The function turns corpus into sentences containing only the required info.

Similar to "corpus_to_sentences", but tokens are represented as strings rather than tuples, in order to work as input for the gensim library

Args

  • filename (str) : path to file containing parsed corpus in CoNLL format
  • token_shape (Tuple[str, ...], optional) : tuple containing the info that we want to retain for each token. Possible values for 'token_shape' are: "s_id", "form", "lemma", "pos", "pos_fgrained", "morph", "synhead", "synrel", "", "", "mwe", "mwe2" Defaults to ("form", "lemma", "pos").

Yields

  • Sentences containin tokens represented as strings

compute_frequencies

source

.compute_frequencies(
   filename: str, token_shape: Tuple[str, ...] = ('form', 'lemma', 'pos')
)

Given a corpus, the function computes the list of frequencies of its token, sorted in decreasing order

Args

  • filename (str) : path to file containing parsed corpus in CoNLL format
  • token_shape (Tuple[str, ...], optional) : tuple containing the info that we want to retain for each token. Possible values for 'token_shape' are: "s_id", "form", "lemma", "pos", "pos_fgrained", "morph", "synhead", "synrel", "", "", "mwe", "mwe2" Defaults to ("form", "lemma", "pos").

Returns

  • List of sorted frequencies

filter_by_POS

source

.filter_by_POS(
   sorted_freqs: List[Tuple[Tuple[str, ...], Any]], poslist: Union[List[str],
   Set[str], Dict[str, Any]], position: int = 1
)

Filters list of tokens only keeping those with accepted Parts of Speech

Args

  • sorted_freqs (List[Tuple[Tuple[str,...], Any]]) : List of tokens in some representation format
  • poslist (Union[List[str], Set[str], Dict[str, Any]]) : List of accepted Parts of Speech
  • position (int, optional) : Offset of Part of Speech info in token representation. Defaults to 1.

Returns

  • Same list as sorted_freqs but filtered

filter_by_threshold

source

.filter_by_threshold(
   sorted_freqs: List[Tuple[Tuple[str, ...], int]], min_freq: int = 0
)

Filters list of tokens by minimum frequency

Args

  • sorted_freqs (List[Tuple[Tuple[str,...], int]]) : List of tokens in some representation format with their frequency
  • min_freq (int, optional) : Frequency threshold used for filtering. Defaults to 0.

Returns

  • Same list as sorted_freqs but filtered

load_from_file

source

.load_from_file(
   filename: str, sep: str = '\t'
)

Load tokens from file with their frequencies

Args

  • filename (str) : path to file containing list of tokens
  • sep (str, optional) : separator used to parse file into tokens.
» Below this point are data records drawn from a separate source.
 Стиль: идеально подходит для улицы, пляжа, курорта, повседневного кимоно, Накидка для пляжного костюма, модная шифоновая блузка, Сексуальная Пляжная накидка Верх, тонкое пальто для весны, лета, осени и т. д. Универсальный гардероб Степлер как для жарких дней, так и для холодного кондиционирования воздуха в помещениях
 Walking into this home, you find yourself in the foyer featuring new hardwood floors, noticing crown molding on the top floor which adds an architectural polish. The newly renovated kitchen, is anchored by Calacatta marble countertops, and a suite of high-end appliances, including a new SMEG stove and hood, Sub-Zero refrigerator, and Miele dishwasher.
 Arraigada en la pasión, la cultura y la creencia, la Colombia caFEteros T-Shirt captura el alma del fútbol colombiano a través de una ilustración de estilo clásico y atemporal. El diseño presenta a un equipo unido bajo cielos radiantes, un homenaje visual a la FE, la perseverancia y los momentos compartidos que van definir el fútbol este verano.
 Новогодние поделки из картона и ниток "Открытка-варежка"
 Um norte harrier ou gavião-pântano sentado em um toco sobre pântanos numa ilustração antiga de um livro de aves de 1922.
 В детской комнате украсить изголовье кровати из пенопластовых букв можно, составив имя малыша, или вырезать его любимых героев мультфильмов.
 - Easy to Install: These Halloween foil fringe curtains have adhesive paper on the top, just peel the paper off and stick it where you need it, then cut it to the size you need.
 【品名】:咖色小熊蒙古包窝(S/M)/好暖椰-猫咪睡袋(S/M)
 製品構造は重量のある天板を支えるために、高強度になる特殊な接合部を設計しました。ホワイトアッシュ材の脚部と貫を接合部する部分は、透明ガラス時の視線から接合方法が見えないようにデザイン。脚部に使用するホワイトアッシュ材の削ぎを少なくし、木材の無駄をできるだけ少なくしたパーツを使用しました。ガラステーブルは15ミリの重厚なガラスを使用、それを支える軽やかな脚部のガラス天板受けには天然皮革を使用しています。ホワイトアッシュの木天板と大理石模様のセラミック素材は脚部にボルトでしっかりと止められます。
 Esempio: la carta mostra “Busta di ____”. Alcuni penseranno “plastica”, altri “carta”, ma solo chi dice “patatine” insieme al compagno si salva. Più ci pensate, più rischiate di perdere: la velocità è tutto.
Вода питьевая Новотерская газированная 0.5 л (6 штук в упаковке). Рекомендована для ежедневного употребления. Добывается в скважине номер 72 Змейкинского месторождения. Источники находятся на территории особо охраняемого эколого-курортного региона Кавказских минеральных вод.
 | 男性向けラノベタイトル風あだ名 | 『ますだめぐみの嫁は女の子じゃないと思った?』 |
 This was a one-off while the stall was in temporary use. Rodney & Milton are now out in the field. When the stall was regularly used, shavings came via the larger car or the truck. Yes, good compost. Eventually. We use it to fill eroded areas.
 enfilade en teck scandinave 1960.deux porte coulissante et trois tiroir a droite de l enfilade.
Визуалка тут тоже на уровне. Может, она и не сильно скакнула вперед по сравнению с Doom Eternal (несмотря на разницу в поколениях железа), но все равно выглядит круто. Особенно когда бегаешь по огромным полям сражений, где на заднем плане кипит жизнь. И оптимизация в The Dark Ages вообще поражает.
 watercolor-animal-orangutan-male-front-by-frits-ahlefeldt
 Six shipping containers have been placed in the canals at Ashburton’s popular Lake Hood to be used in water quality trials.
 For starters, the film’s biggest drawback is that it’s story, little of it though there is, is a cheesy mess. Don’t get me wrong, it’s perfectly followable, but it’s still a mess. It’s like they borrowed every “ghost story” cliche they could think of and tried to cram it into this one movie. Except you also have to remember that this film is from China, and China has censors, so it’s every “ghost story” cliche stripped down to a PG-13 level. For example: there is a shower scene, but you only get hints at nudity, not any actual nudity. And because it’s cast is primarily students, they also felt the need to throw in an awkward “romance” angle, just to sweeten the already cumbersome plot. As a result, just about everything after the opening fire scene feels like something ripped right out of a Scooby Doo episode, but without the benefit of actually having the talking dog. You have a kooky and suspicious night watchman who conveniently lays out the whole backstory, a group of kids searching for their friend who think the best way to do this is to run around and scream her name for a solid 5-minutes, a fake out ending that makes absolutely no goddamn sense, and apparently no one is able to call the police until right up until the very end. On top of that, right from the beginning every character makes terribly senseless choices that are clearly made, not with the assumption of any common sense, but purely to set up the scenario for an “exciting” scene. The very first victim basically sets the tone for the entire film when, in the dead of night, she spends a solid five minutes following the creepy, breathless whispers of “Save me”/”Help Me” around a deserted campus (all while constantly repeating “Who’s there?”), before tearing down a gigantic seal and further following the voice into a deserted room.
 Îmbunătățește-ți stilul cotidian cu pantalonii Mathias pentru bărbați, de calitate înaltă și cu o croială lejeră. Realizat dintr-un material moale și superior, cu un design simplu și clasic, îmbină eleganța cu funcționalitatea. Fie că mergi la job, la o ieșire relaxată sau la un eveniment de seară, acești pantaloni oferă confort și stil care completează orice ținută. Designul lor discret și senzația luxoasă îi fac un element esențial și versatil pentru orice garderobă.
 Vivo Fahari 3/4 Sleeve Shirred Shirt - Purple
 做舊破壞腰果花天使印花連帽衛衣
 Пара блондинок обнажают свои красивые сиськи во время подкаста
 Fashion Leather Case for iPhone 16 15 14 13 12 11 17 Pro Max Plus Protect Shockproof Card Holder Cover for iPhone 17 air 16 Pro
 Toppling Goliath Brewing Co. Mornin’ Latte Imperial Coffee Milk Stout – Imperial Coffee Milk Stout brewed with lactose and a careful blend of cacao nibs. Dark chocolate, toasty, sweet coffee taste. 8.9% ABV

Defaults to ' '.

Returns

  • Dictionary with tokens as keys and frequencies as values

build_sparse_matrix

source

.build_sparse_matrix(
   filename: str, token_shape: Tuple[str, ...], nrows: int, ncols: int,
   sep: str = '\t'
)

summary

Args

  • filename (str) : path to file containing matrix entries
  • token_shape (Tuple[str, ...]) : tuple containing the info that we want to retain for each token. Possible values for 'token_shape' are: "s_id", "form", "lemma", "pos", "pos_fgrained", "morph", "synhead", "synrel", "", "", "mwe", "mwe2"
  • nrows (int) : number of rows
  • ncols (int) : number of columns
  • sep (str, optional) : separator used to parse file into tokens. Defaults to ' '.

Returns

  • spmatrix : scipy sparse matrix in csr format

write_to_file

source

.write_to_file(
   filepath: str, matrix: Iterable[Iterable[Union[int, float]]],
   id_dict: Dict[Tuple[str, ...], int]
)

Serialize vectors to file

Args

  • filepath (str) : path to location where file has to be created
  • matrix (Iterable[Iterable[int | float]]) : matrix (iterable of iterable)
  • id_dict (Dict[Tuple[str, ...], int]) : mapping from row id to token

get_nearest_neighbors

source

.get_nearest_neighbors(
   matrix: Iterable[Iterable[Union[int, float]]], id_dict: Dict[Tuple[str, ...],
   int], topk: int = 10
)

Get nearest neighbors from matrix containing cosine similarities

Args

  • matrix (Iterable[Iterable[Union[int, float]]]) : dense matrix containing cosine similarities
  • id_dict (Dict[Tuple[str, ...], int]) : mapping from row or column id to token
  • topk (int, optional) : Number of neighbors to return. Defaults to 10.

Returns

  • Dictionary containing, for each token, its top neighbors and their cosine similarity

extract_cooccurrences

source

.extract_cooccurrences(
   filepath: str, token_shape: Tuple[str, ...], targets: Union[Dict, Set, List],
   contexts: Union[Dict, Set, List], window_size: int = 5
)

Extracts co-occurrences between given targets and contexts (given as parameters)

Args

  • filepath (str) : path to file containing data (i.e., corpora)
  • token_shape (Tuple[str, ...]) : tuple containing the info that we want to retain for each token. Possible values for 'token_shape' are: "s_id", "form", "lemma", "pos", "pos_fgrained", "morph", "synhead", "synrel", "", "", "mwe", "mwe2"
  • targets (Union[Dict, Set, List]) : data structure containing list of lexemes to be considered as targets
  • contexts (Union[Dict, Set, List]) : data structure containing list of lexemes to be considered as contexts
  • window_size (int, optional) : size of context to be considered. Note, the window is considered both to the left and to the right of the target. Defaults to 5.

Returns

  • Dictionary of co-occurrences

apply_ppmi

source

.apply_ppmi(
   co_occurrences: Dict[Tuple[str, ...], Dict[Tuple[str, ...], int]],
   targets_frequencies_dict: Dict[Tuple[str, ...], int],
   contexts_frequencies_dict: Dict[Tuple[str, ...], int], corpus_size: int
)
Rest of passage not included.